In order to see which beers are a hit with the punters, as a broadcaster providing commentary on International Real Ale TV, I want to see a live league table of the top 10 best selling beers.

Let’s jump straight in with a join, to get beer names and sales into a stream together…

ksql> create stream live_beer_sales \
with (kafka_topic='live_beer_sales', value_format='avro') \
as select bar, price, name, abv from live_sales LS \
join beer_table BT on (LS.beer_id = BT.id);

ksql> select * from live_beer_sales limit 4;
1543303642980 | 1465 | 2 | 1 | Granny Smith Hard Apple Cider | 0.069
1543303643997 | 1543 | 1 | 1 | Proxima IPA | 0.063
1543303645003 | 1098 | 1 | 2 | Hala Kahiki Pineapple Beer | 0.048
1543303646017 | 1957 | 1 | 1 | 805 Blonde Ale | 0.047

Getting the total numbers of each beer sold is easy - as you can see from the snippet below. We just group the joined sales data by name and sum the price to get the total sales. Note the funky key column for the table, which is the name and ABV concatenated (since I needed both in the results and they are covariant I just grouped by both).

ksql> create table beer_league_table \
with (kafka_topic='beer_league_table', value_format='avro') \
as select name, abv, sum(price) as sales \
from live_beer_sales group by name, abv;

ksql> select * from beer_league_table limit 4;
1543303572099 | Nordic Blonde|+|0.057 | Nordic Blonde | 0.057 | 1
1543303618561 | Black Beer`d|+|0.068 | Black Beer`d | 0.068 | 1
1543303630874 | Mustang Sixty-Six|+|0.05 | Mustang Sixty-Six | 0.05 | 1
1543303651048 | Dubbelicious|+|0.065 | Dubbelicious | 0.065 | 1

Here comes the tricky part though. KSQL does have a function called ‘TOPK’ which will return the top k values for a given column. However, this will only return the counts, not the associated rows. Since it doesn’t help us much to show only counts, I’m just going to do the sort on the client side!

You can find the code for the chart here.

It’s a shame you can’t see the chart moving, because it animates beautifully!

Time at the Bar Chart

So that was a very swift tour of some of Kafka and KSQL’s aggregation functionality, combined with joins to reference data and schema transformation too.

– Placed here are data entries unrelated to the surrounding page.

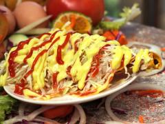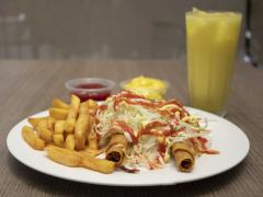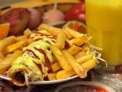Arreglado con repollo y salsas (tomate y mayonesa) con papas fritas y bebida de 12 onzas.
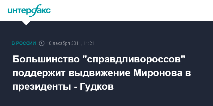 Большинство "справдливороссов" поддержит выдвижение Миронова в президенты - Гудков
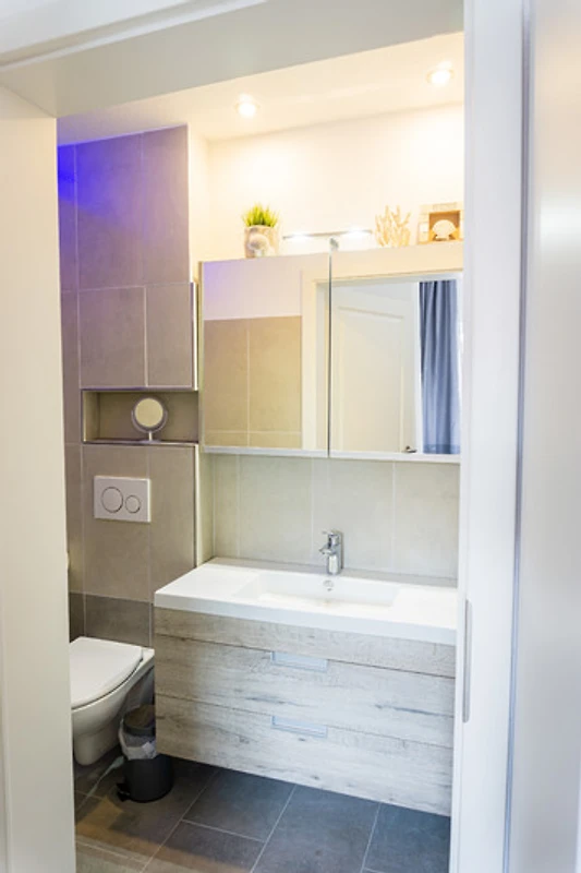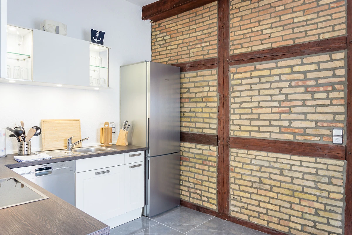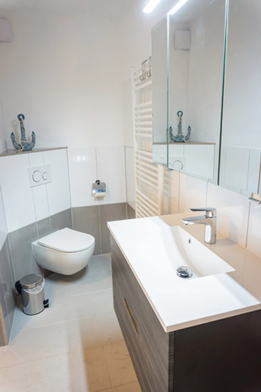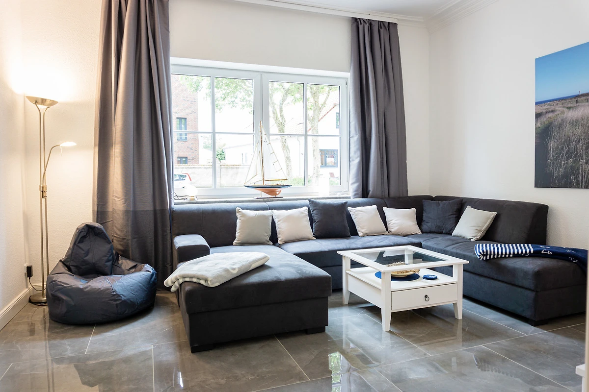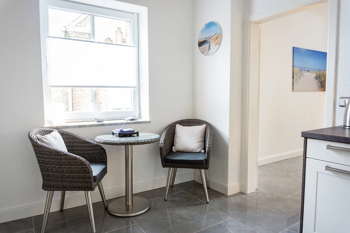 Ihre Ferienwohnung "Mien Tied MITTENMANG" ist eine ca. 100 m² grosse Ferienwohnung im Erdgeschoss des Haupthauses. Hier können Sie Ihr Auto stehen lassen. Zu der Ferienwohnung gehört auch ein PKW - Stellplatz. Den braucht man in der Innenstadt! Denn die Lage im Thulboden sorgt für kurze Wege. Nur 150 Schritte und Sie können im Kommunalhafen ein zünftiges Essen in der Fischhalle geniessen. Machen Sie sich bei uns gemütlich. In 1.2 km Entfernung befindet sich der nächste Strand. Das besondere an dem Appartement ist, dass jedes Schlafzimmer über ein eigenes Bad verfügt.

All in all I’m very happy with the results and we’re now pretty much all the way through our use-case.

One thing I was reminded of, while writing this blog, is that KSQL may make Kafka look like a bunch of tables, but it is most definitely a streaming platform under the hood. Though we can use KSQL to turn our events into models, squashing updates into single records and joining streams together, we’re still going to need to write the output to a real database at some point if we want to do traditional reporting.

That said, I was able to create two or three real-time reports in just a few hours, with minimal code (ignoring the time I spent working out how to do it!). The charts look great and the web services I wrote are basic, but could be productionised pretty easily. All in all, it’s been great - I hope you enjoyed it too!